Петрушка озадаченно оглядывался, краснел и с огорчения не стал ужинать. Даже Корней, всегда безучастный к семейным ссорам, и тот, не прожевав добром пожевку, укоризненно нахмурил темный глаз:

— Чего поужинать человеку не дали! Хозяева!

— А это не твое дело! Порядок должен наблюдаться. Авдотья на правиле стоит! — Дорофей Васильев глянул на старуху и неловко потупился.

И сейчас, мучаясь в томительной бессоннице, Доня победно смеялась. «Когда надо, дураки, не вступались, а тут…»
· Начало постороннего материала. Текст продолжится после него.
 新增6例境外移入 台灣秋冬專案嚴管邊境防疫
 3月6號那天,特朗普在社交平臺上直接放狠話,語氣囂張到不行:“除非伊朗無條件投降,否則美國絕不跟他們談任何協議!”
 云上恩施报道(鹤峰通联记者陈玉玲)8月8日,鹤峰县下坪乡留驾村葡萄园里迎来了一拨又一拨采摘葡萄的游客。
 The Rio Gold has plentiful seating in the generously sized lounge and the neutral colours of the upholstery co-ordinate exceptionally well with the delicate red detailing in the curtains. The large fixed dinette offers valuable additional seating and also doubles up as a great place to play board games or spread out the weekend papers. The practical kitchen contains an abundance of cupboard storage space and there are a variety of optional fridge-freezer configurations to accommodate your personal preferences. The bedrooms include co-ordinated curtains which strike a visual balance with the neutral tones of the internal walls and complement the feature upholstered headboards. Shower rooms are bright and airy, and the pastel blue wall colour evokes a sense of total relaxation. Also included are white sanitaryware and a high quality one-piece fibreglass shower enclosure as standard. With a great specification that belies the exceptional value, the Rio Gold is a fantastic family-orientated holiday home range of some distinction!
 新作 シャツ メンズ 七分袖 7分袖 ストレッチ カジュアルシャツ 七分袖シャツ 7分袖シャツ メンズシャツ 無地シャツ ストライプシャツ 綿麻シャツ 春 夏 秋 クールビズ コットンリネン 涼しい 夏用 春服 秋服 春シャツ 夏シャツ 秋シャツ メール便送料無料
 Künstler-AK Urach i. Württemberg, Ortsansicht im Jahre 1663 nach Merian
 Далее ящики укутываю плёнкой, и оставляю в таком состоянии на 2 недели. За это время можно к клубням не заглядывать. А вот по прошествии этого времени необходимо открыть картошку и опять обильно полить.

Прокричали вторые кочета. Скрипнули задние ворота, и, слышно, протопал под сараем старик. Доня завела глаза, в них поплелось что-то несуразное: шелковые ленты на грязной дороге, скачут лошади, а морды у них коровьи. Потом в уши ворвались какие-то голоса, и Доня проснулась. На улице разговаривали, стучали ведром и тонко запевала амбарная дверь. Что-то свистящим шепотом говорил Яша, в ответ ему бубнил Степка. Доня встала и начала надевать юбку.

Небо над Афонькиным двором тронулось белизной. Где-то гаркнул грач и подавился росной влагой. У распахнутого амбара Яша гомозился с мокрым бреднем, ругался на Степку, запутавшего мотню. Голос Петрушки вырвался из нутра амбара липлый, будто насквозь промокший.

— Да ладно вам. Успеется.

Доня подошла ближе и, заглянув в плетушку, ахнула:

— Сколько рыбы-то, матушки!

К ней подскочил Яша. Он замахал руками, засигал вокруг:

— Во! Там прямо жуть! Умучились! А, Донька? Молодцы мы?
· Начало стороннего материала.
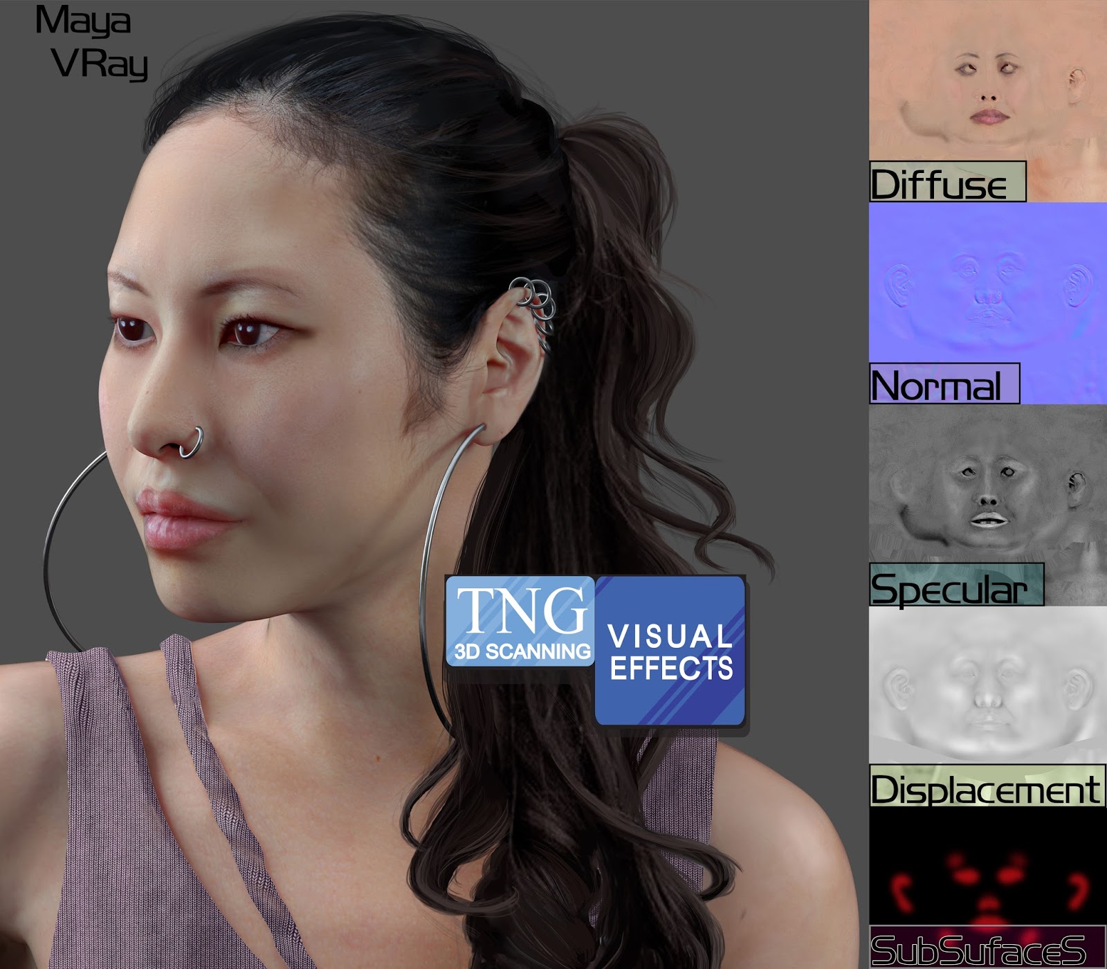 Here is our lasted render, Natsuko. She was rendered in Maya via VRay. We used subsurface scattering to make the skin look realistic, and also laid out the various texture maps for you to view. This is a sample of our work. Let us know if you have any questions about our services.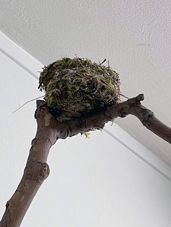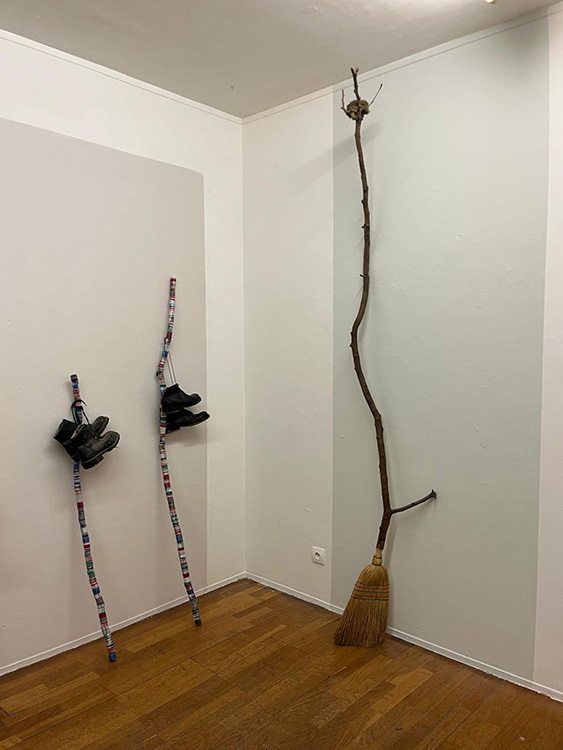 Ce monde est fou, 2025 Branche, paille d'un balai, nid, 1,85 x 15x 20 cm Vues de l'exposition À moi ! le monde, galerie du Tableau, Marseille, 2025 Photographies Jeremy Chabaud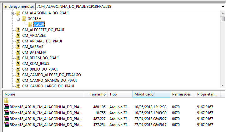 Tela FileZilla - pasta Backup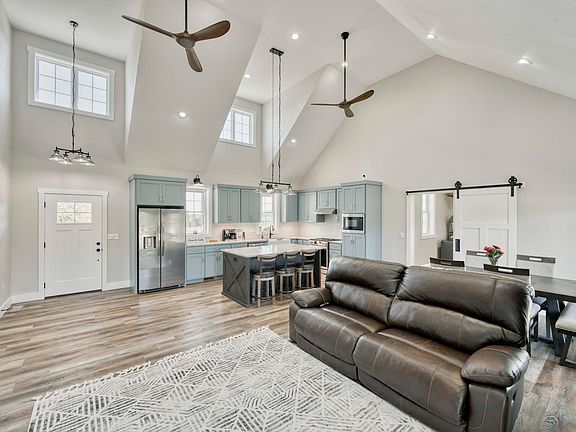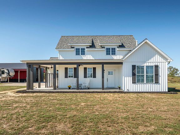 Welcome to this stunning farmhouse-style retreat, built in 2023 & perfectly nestled on 14.8 acres of open land just minutes from town. Tucked behind a gated private drive, this fully fenced property offers peaceful country living with modern comfort & convenience.From the moment you arrive, you'll be charmed by the wraparound front porch & covered back patio--ideal spots to relax & take in the views, sunsets, & serene surroundings. A small wet weather pond adds to the natural beauty and tranquility of the land.Step inside to an inviting open floor plan w/soaring vaulted ceilings, spray foam insulation, & an abundance of natural light pouring in through large windows & glass doors. The heart of the home is the kitchen, featuring custom cabinetry, sleek granite countertops, farmhouse sink, stainless steel appliances including a gas cooktop/oven, & large stained center island perfect for gathering with family & friends.The cozy living room is anchored by a wood-burning fireplace, adding warmth & character to the space. The primary suite is complete w/gorgeous en suite bathroom showcasing a stained dual-sink vanity topped with quartz, a spacious walk-in shower with dual shower heads, a private water closet, linen closet, & large walk-in closet. The second bedroom is comfortably served by a well-appointed hall bath.Additional highlights include large laundry room w/extra shelving & broom closet, water softener system, & thoughtful touches throughout that combine style & function.Outdoors, the property is fully equipped for your country lifestyle with a 30' x 48' shop featuring 16' sidewalls & doors, plus 2 lean-tos that expand the total covered space to 50' x 48' under roof. The shop is perfect for storing equipment & working on projects. You'll also find a chicken coop, RV hookup w/parking pad, & new private well. This is country living at its finest, secure, spacious, and full of charm, where you can enjoy quiet evenings, beautiful sunsets.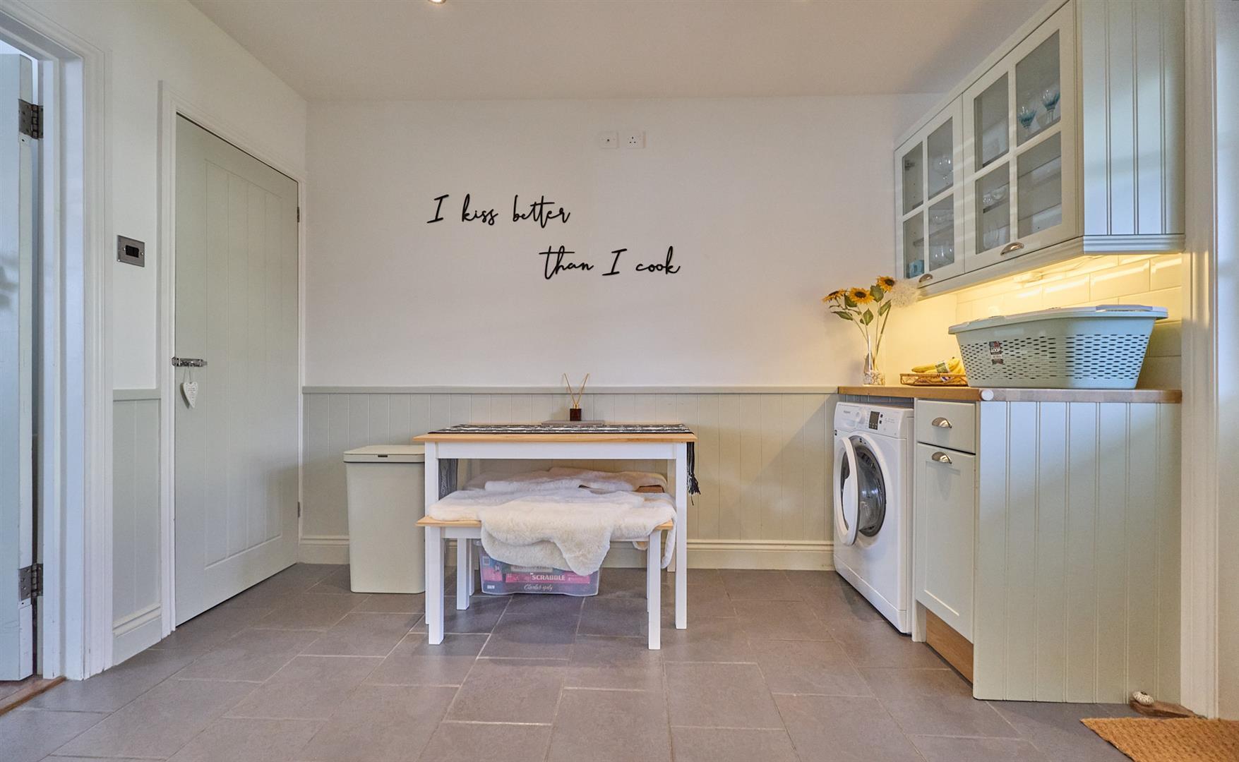 With a range of floor standing fitted kitchen units with wood roll edge working surfaces above and inset Belfast sink with mixer tap. Included appliances are the Delonghi Range cooker with five ring gas hob and a Kenwood slimline dishwasher. Further matching range of wall mounted cupboard units. Inset ceiling spotlights and tiled flooring with under floor heating. Appliance recess point and a matching display glass fronted cupboard above. Wooden and glazed door to the rear garden and a wooden interior door to a large storage cupboard with power and houses the main control panel for the alarm system.

— Уж молодцы! Прямо и не выговоришь! Что ж, при-несть сковороду, что ль? Небось жарковье устроите?

— Ет соблаговолим беспременно! Золотая, а?

Яша схватил ее за руку, подтянул к себе. Он был мокр, дрожал мелкой дрожью — то ли от озноба, то ли от распирающего возбуждения негаданной удачи.

Костер развели за амбаром. Доня принесла большую сковороду, спустилась в погреб за хлебом, кстати прихватила большой кусок коровьего масла. Рыбу чистили все вместе. Караси были еще живы, слабо отвиливали хвостами и будто вспискивали под пальцами, выдавливающими из них кишки. Один Яша не мучил рыб. Он сначала ударял карася о бревно головой и потом ножичком разрезал ему брюхо.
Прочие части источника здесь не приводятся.